Records for the task:
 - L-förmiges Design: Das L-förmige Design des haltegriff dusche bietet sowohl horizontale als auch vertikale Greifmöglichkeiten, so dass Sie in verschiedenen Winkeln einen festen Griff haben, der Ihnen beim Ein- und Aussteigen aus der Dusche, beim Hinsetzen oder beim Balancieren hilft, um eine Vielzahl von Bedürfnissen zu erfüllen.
---
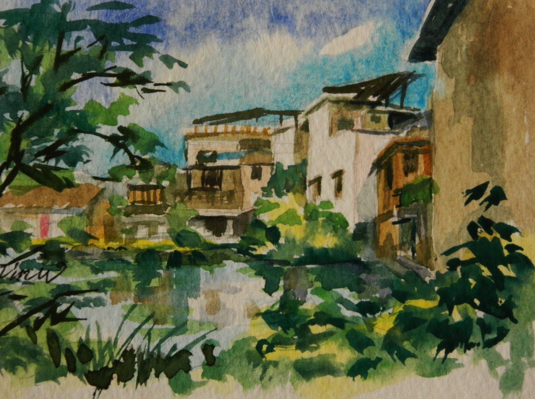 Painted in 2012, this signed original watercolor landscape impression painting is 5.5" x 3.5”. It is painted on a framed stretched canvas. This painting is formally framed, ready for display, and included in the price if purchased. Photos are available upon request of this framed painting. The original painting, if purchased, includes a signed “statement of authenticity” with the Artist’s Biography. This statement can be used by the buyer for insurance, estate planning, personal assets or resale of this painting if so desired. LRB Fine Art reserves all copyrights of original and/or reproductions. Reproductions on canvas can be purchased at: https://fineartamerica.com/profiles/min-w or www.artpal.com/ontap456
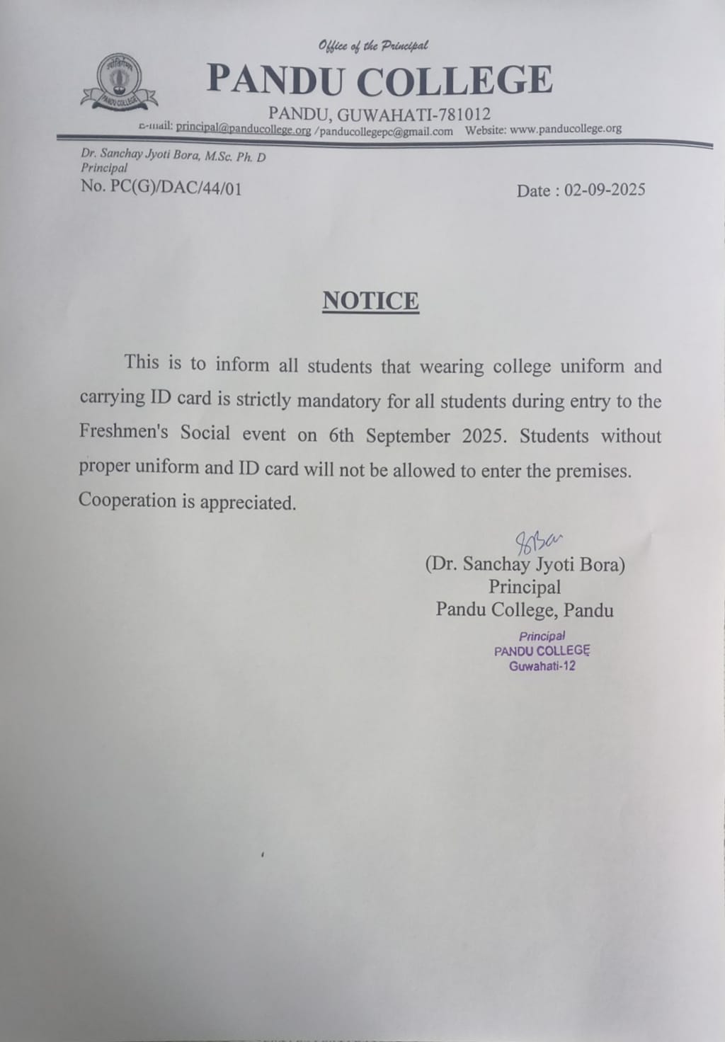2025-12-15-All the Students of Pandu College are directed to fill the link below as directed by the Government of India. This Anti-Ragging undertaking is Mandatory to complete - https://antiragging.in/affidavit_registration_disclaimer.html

Task prompt: In the records above, copy exactly everything from the line that has "Painted in 2012, this" down to the line that has "2025-12-15-All the Students", both ends included, and leave out the pictures.

Written solution:
 Painted in 2012, this signed original watercolor landscape impression painting is 5.5" x 3.5”. It is painted on a framed stretched canvas. This painting is formally framed, ready for display, and included in the price if purchased. Photos are available upon request of this framed painting. The original painting, if purchased, includes a signed “statement of authenticity” with the Artist’s Biography. This statement can be used by the buyer for insurance, estate planning, personal assets or resale of this painting if so desired. LRB Fine Art reserves all copyrights of original and/or reproductions. Reproductions on canvas can be purchased at: https://fineartamerica.com/profiles/min-w or www.artpal.com/ontap456
2025-12-15-All the Students of Pandu College are directed to fill the link below as directed by the Government of India. This Anti-Ragging undertaking is Mandatory to complete - https://antiragging.in/affidavit_registration_disclaimer.html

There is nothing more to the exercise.